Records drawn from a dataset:
○ ○ ○ ○

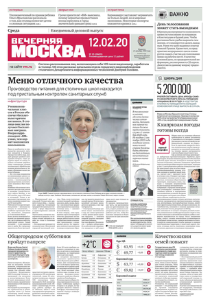 «Вечерняя Москва» — ежедневная российская вечерняя газета, старейшее из вечерних изданий в России, учрежденное в 1923 году. Выходит пять дней в неделю, кроме субботы и воскресенья. Отличается тем, что рассказывает о событиях еще не завершившегося дня. Оперативно освещает хронику и особенности жизни Москвы, охватывает все слои общества и большинство профессиональных и возрастных групп читателей.Издание представлено тремя выпусками – утренним ежедневным, вечерним (выходит три раза в неделю), еженедельным (выходит по четвергам).
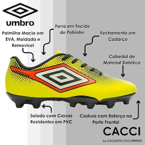 Seu cabedal é construído em material sintético laminado com aplicação de grafismo reticulado e forro em tecido de poliéster. Possui Diamante Umbro na lateral estilizado com a assinatura do modelo, atacador convencional e palmilha interna em EVA forrado. O solado de campo FG de 14 travas é construído em PVC.
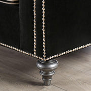MAYA Sofa, 94"L X 41"W X 37"H, 173lbs. This sofa nearly defies description! Black velvet upholstery, white knit cushions, nickel rounded feet, gleaming nailhead trim... not for the lite of heart! It's an eccentric ensemble, complete with a wild assortment of accent pillows.
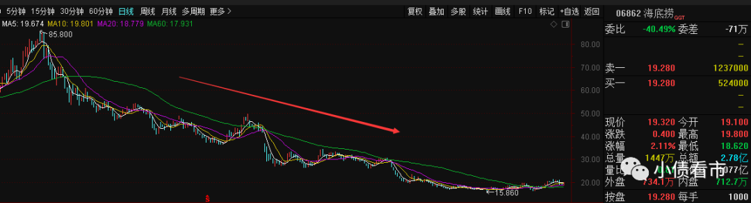 隨著口碑下降,海底撈的股價也開始跌跌不休,由2021年初的85.8港元高位一路下跌至19港元附近,市值縮水近八成,蒸發(fā)約3700億港元。
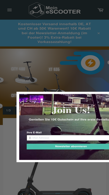 85%Willkommen in unserem Shop für Elektro-Scooter! Riesige Auswahl an E-Scootern, Zubehör und Versicherungen. Bestpreisgarantie! Kostenloser Versand in DE, AT und CH! Optimiere dein Fahrerlebnis mit unseren hochwertigen Produkten. Kaufe jetzt deinen E-Scooter und erlebe die Freiheit der Elektromobilität!
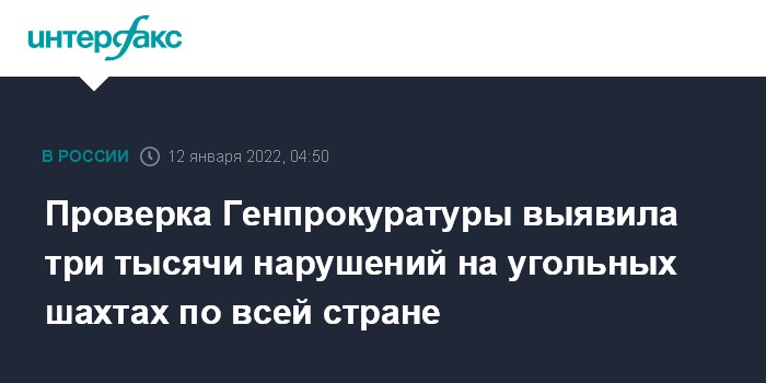Как сообщал "Интерфакс", после ноябрьского инцидента на шахте "Листвяжная", где жертвами стали более 50 человек, президент РФ Владимир Путин потребовал от Генпрокуратуры предоставить доклад о причинах аварии. В связи с этим генпрокурор Игорь Краснов заявил о планах провести масштабные проверки всех угольных шахт, находящихся в десяти угледобывающих регионах России.

○ ○ ○ ○

● Work to complete
Output nothing but the entries above, exactly, once the pictures are removed.

● Result for this exercise
 «Вечерняя Москва» — ежедневная российская вечерняя газета, старейшее из вечерних изданий в России, учрежденное в 1923 году. Выходит пять дней в неделю, кроме субботы и воскресенья. Отличается тем, что рассказывает о событиях еще не завершившегося дня. Оперативно освещает хронику и особенности жизни Москвы, охватывает все слои общества и большинство профессиональных и возрастных групп читателей.Издание представлено тремя выпусками – утренним ежедневным, вечерним (выходит три раза в неделю), еженедельным (выходит по четвергам).
 Seu cabedal é construído em material sintético laminado com aplicação de grafismo reticulado e forro em tecido de poliéster. Possui Diamante Umbro na lateral estilizado com a assinatura do modelo, atacador convencional e palmilha interna em EVA forrado. O solado de campo FG de 14 travas é construído em PVC.
MAYA Sofa, 94"L X 41"W X 37"H, 173lbs. This sofa nearly defies description! Black velvet upholstery, white knit cushions, nickel rounded feet, gleaming nailhead trim... not for the lite of heart! It's an eccentric ensemble, complete with a wild assortment of accent pillows.
 隨著口碑下降,海底撈的股價也開始跌跌不休,由2021年初的85.8港元高位一路下跌至19港元附近,市值縮水近八成,蒸發(fā)約3700億港元。
 85%Willkommen in unserem Shop für Elektro-Scooter! Riesige Auswahl an E-Scootern, Zubehör und Versicherungen. Bestpreisgarantie! Kostenloser Versand in DE, AT und CH! Optimiere dein Fahrerlebnis mit unseren hochwertigen Produkten. Kaufe jetzt deinen E-Scooter und erlebe die Freiheit der Elektromobilität!
Как сообщал "Интерфакс", после ноябрьского инцидента на шахте "Листвяжная", где жертвами стали более 50 человек, президент РФ Владимир Путин потребовал от Генпрокуратуры предоставить доклад о причинах аварии. В связи с этим генпрокурор Игорь Краснов заявил о планах провести масштабные проверки всех угольных шахт, находящихся в десяти угледобывающих регионах России.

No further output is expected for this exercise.